(Extracted entries begins)

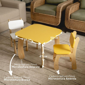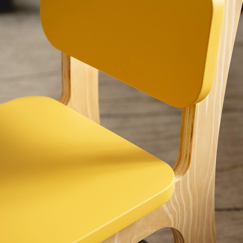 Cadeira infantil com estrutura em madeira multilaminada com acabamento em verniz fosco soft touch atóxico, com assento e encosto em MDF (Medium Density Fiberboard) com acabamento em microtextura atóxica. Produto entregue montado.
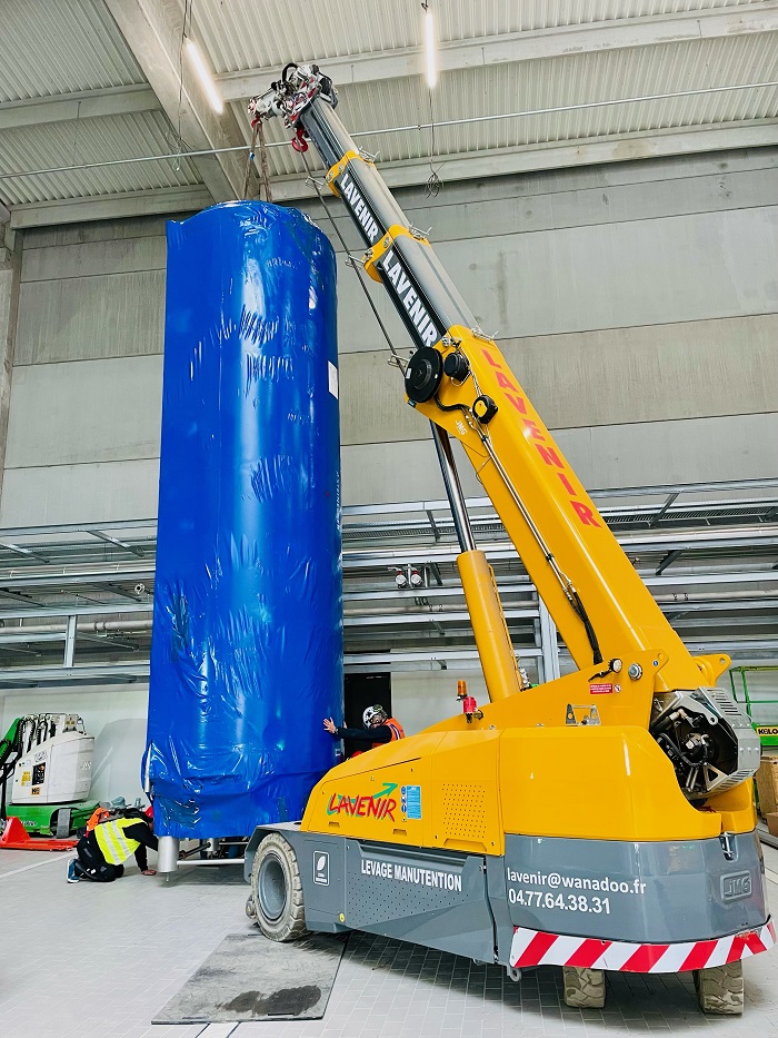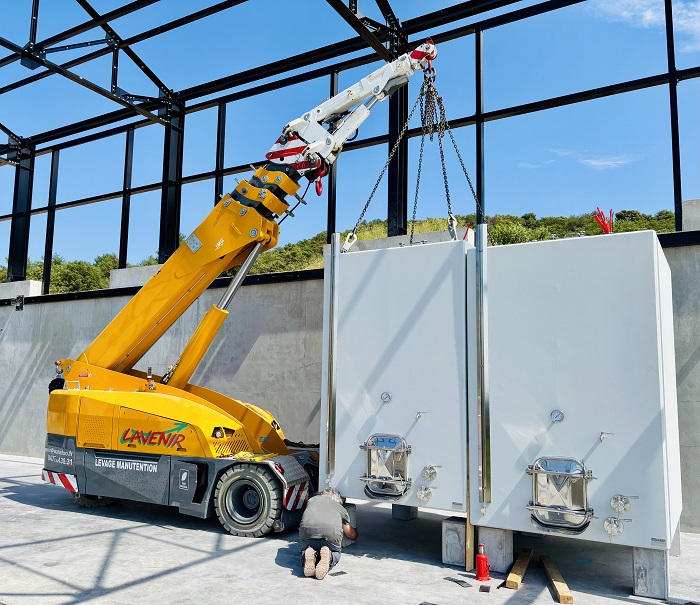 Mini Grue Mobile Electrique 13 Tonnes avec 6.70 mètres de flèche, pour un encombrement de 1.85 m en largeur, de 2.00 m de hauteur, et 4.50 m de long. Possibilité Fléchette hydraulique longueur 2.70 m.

(Extracted entries ends)
(Extracted entries begins)

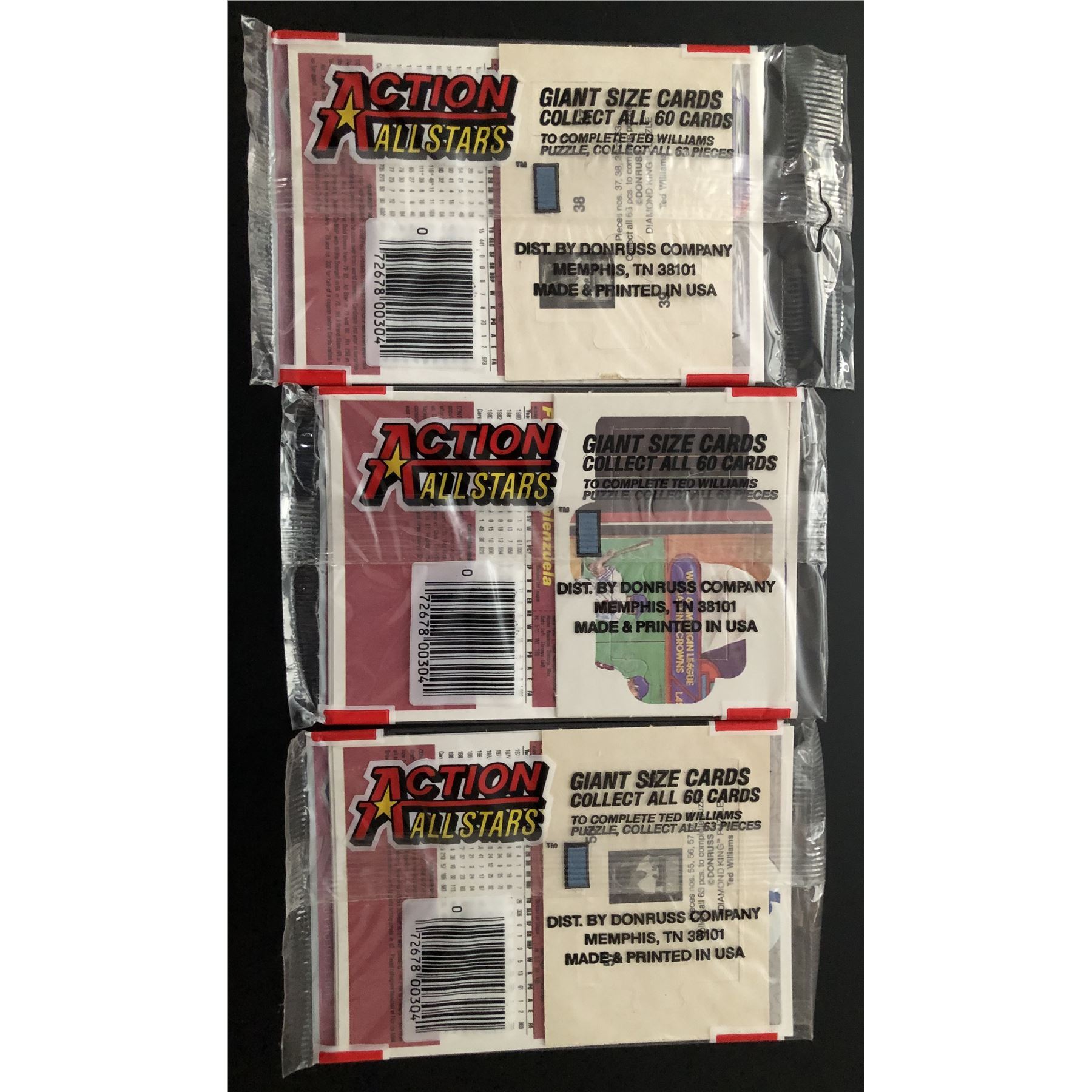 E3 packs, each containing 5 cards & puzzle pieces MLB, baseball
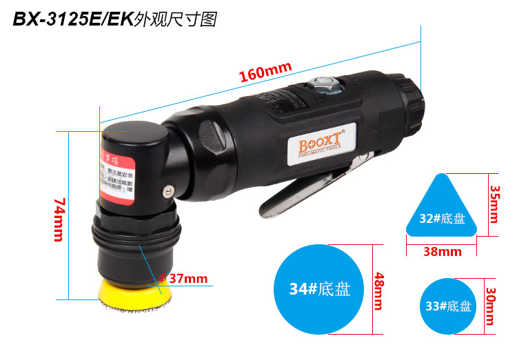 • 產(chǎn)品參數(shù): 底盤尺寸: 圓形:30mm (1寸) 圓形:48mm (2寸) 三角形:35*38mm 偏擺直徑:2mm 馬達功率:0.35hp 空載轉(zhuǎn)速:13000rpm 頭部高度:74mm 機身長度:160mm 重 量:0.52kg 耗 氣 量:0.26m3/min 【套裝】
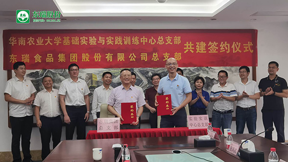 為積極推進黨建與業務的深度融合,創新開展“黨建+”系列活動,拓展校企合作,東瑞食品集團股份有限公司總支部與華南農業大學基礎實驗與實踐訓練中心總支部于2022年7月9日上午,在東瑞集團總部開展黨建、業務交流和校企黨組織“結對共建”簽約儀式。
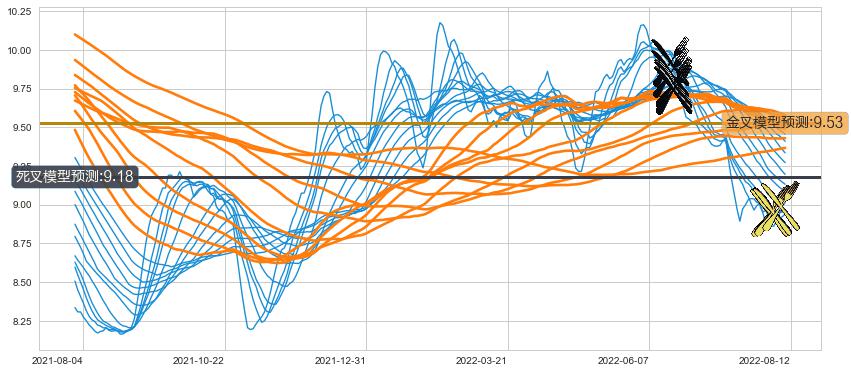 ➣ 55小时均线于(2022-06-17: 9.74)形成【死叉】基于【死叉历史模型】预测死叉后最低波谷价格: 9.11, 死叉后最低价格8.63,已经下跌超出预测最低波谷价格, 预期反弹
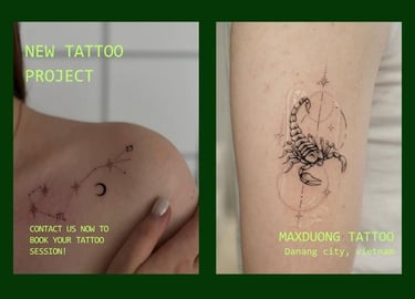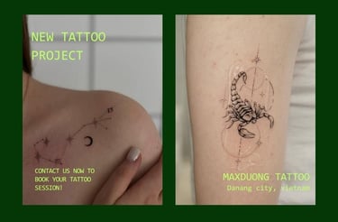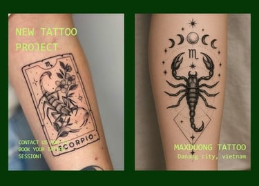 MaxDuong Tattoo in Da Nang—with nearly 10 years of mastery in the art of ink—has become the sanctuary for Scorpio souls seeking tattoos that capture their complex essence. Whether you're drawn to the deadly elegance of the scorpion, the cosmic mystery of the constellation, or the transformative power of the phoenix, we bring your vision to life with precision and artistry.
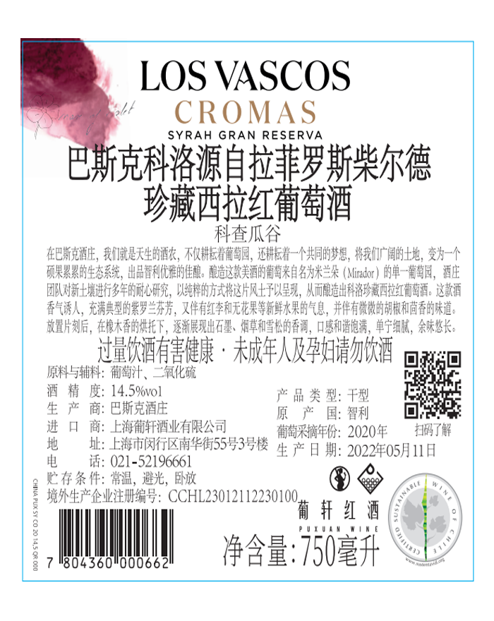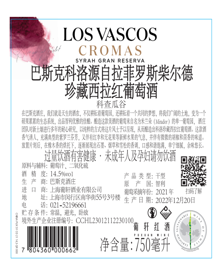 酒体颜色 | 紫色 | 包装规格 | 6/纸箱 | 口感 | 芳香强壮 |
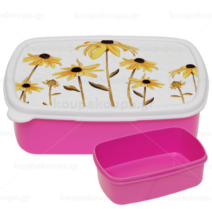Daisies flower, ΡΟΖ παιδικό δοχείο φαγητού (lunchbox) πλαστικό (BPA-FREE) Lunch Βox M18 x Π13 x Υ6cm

(Extracted entries ends)

§ **Prompt**: Find the line with "E3 packs, each" in the data above, and from there retype each line exactly through the line with "9.11, 死叉后最低价格8.63,已经下跌超出预测最低波谷价格, 预期反弹", skipping the pictures along the way.

§ **Expected answer**:
 E3 packs, each containing 5 cards & puzzle pieces MLB, baseball
 • 產(chǎn)品參數(shù): 底盤尺寸: 圓形:30mm (1寸) 圓形:48mm (2寸) 三角形:35*38mm 偏擺直徑:2mm 馬達功率:0.35hp 空載轉(zhuǎn)速:13000rpm 頭部高度:74mm 機身長度:160mm 重 量:0.52kg 耗 氣 量:0.26m3/min 【套裝】
 為積極推進黨建與業務的深度融合,創新開展“黨建+”系列活動,拓展校企合作,東瑞食品集團股份有限公司總支部與華南農業大學基礎實驗與實踐訓練中心總支部于2022年7月9日上午,在東瑞集團總部開展黨建、業務交流和校企黨組織“結對共建”簽約儀式。
 ➣ 55小时均线于(2022-06-17: 9.74)形成【死叉】基于【死叉历史模型】预测死叉后最低波谷价格: 9.11, 死叉后最低价格8.63,已经下跌超出预测最低波谷价格, 预期反弹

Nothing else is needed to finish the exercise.